▶ [Task prompt]: Apart from any images, the entries are to be output exactly.

▶ [Available data]:
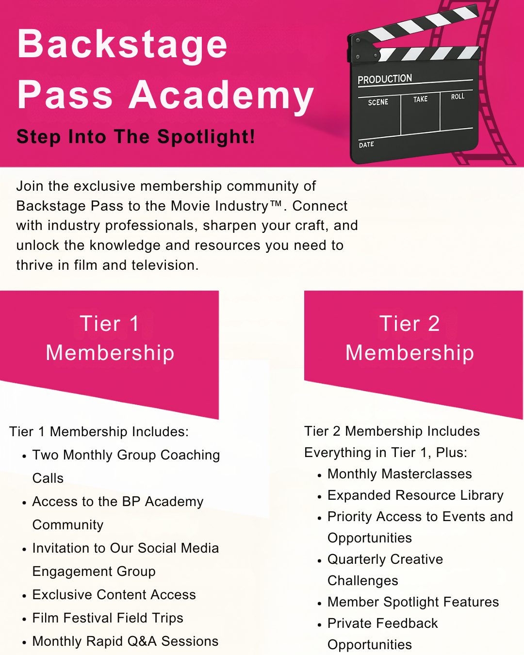 Backstage Pass Academy (BP Academy) represents the membership division of "Backstage Pass to the Movie Industry®." This segment prioritizes fostering learning in a familial setting. BP Academy offers a cutting-edge platform for peer-to-peer coaching, ideal for those keen on delving into the entertainment industry. Our program includes bimonthly group coaching sessions featuring seasoned guest speakers. At a highly affordable rate, our learners garner insights and guidance on navigating a successful career in the entertainment world. Our expert mentors highlight potential pitfalls and passionately impart their wisdom to help you steer clear of the mistakes they've previously encountered. Having experience across all facets of the entertainment industry, our professionals can help you transition from dreaming about your passion to actively pursuing it in reality.
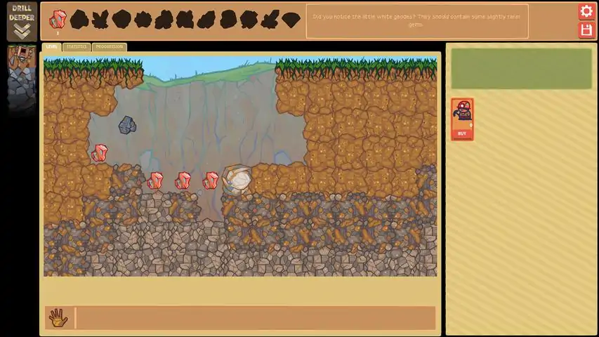 A clicker where you delve into the depths of the earth!Check out the free demo of Drill To Hell in its first two levels!Begin by digging the dirt with your handsBreak the blocks by clicking on them and collect the gems. Deeper down are rocks that take longer to break but contain rarer
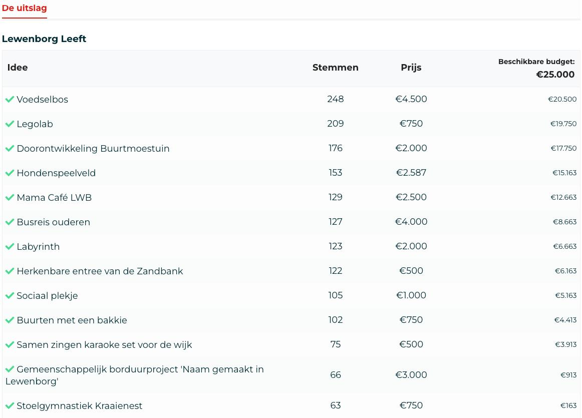 Dit jaar hadden heel veel mensen gestemd, zowel digitaal via de Stem van Groningen als op papier. Vooral de papieren stemmen waren dit jaar in grote aantallen ingeleverd. Het was duidelijk dat de bewoners graag hun stem wilden laten horen.
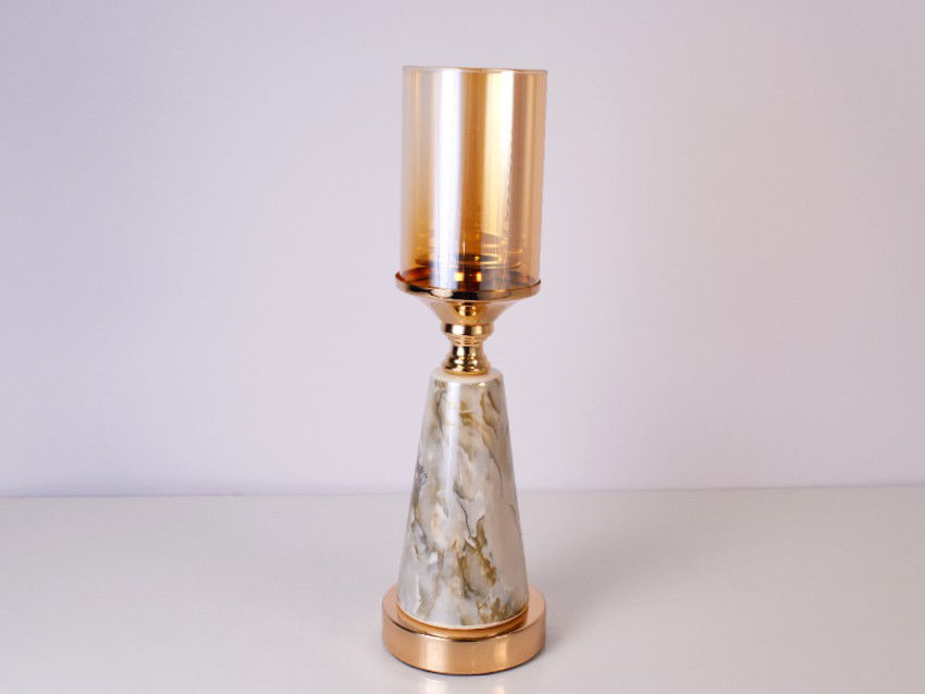Zanimljivi metalni svijećnjak sa staklenim vrhom. Zlatna i zemljane boje te mramorni uzorak
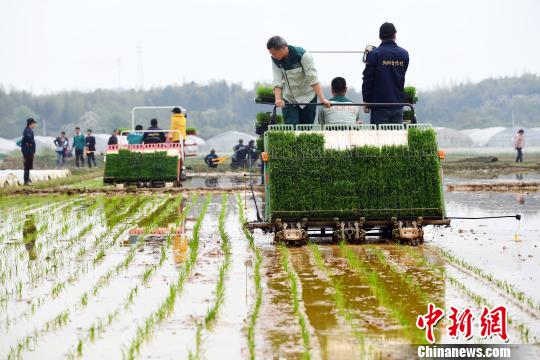 资料图:一名种粮大户在田间体验高速插秧机的作业情况?!≈芰?摄
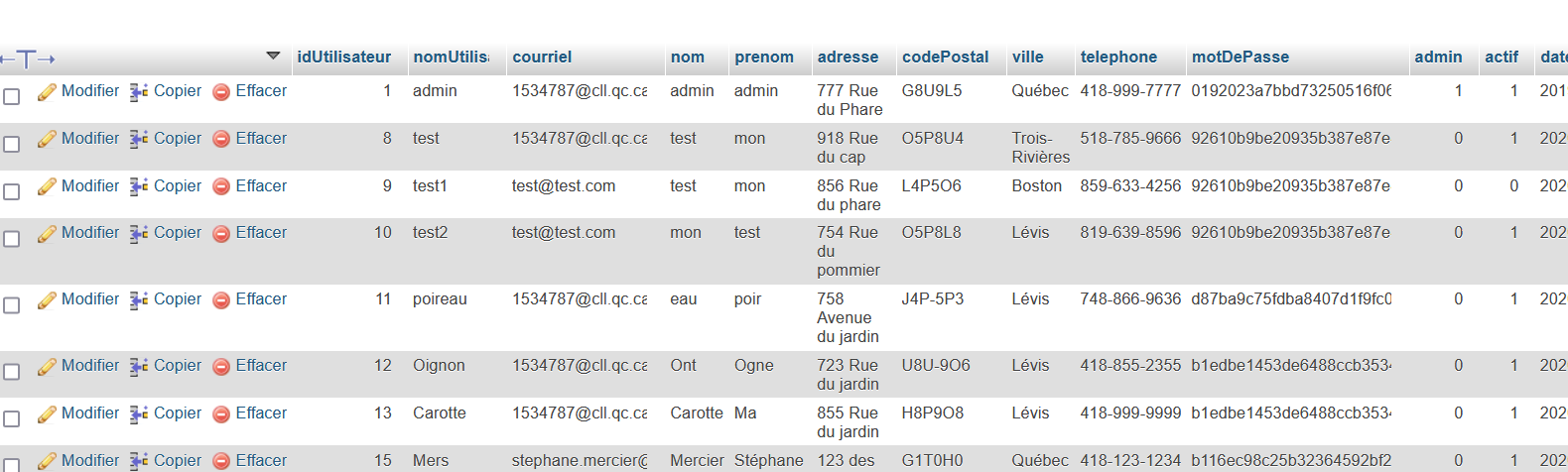 Vérifier si l’usager que vous avez ajouté est présent dans la table.

▶ [Answer to the problem]:
 Backstage Pass Academy (BP Academy) represents the membership division of "Backstage Pass to the Movie Industry®." This segment prioritizes fostering learning in a familial setting. BP Academy offers a cutting-edge platform for peer-to-peer coaching, ideal for those keen on delving into the entertainment industry. Our program includes bimonthly group coaching sessions featuring seasoned guest speakers. At a highly affordable rate, our learners garner insights and guidance on navigating a successful career in the entertainment world. Our expert mentors highlight potential pitfalls and passionately impart their wisdom to help you steer clear of the mistakes they've previously encountered. Having experience across all facets of the entertainment industry, our professionals can help you transition from dreaming about your passion to actively pursuing it in reality.
 A clicker where you delve into the depths of the earth!Check out the free demo of Drill To Hell in its first two levels!Begin by digging the dirt with your handsBreak the blocks by clicking on them and collect the gems. Deeper down are rocks that take longer to break but contain rarer
 Dit jaar hadden heel veel mensen gestemd, zowel digitaal via de Stem van Groningen als op papier. Vooral de papieren stemmen waren dit jaar in grote aantallen ingeleverd. Het was duidelijk dat de bewoners graag hun stem wilden laten horen.
Zanimljivi metalni svijećnjak sa staklenim vrhom. Zlatna i zemljane boje te mramorni uzorak
 资料图:一名种粮大户在田间体验高速插秧机的作业情况?!≈芰?摄
 Vérifier si l’usager que vous avez ajouté est présent dans la table.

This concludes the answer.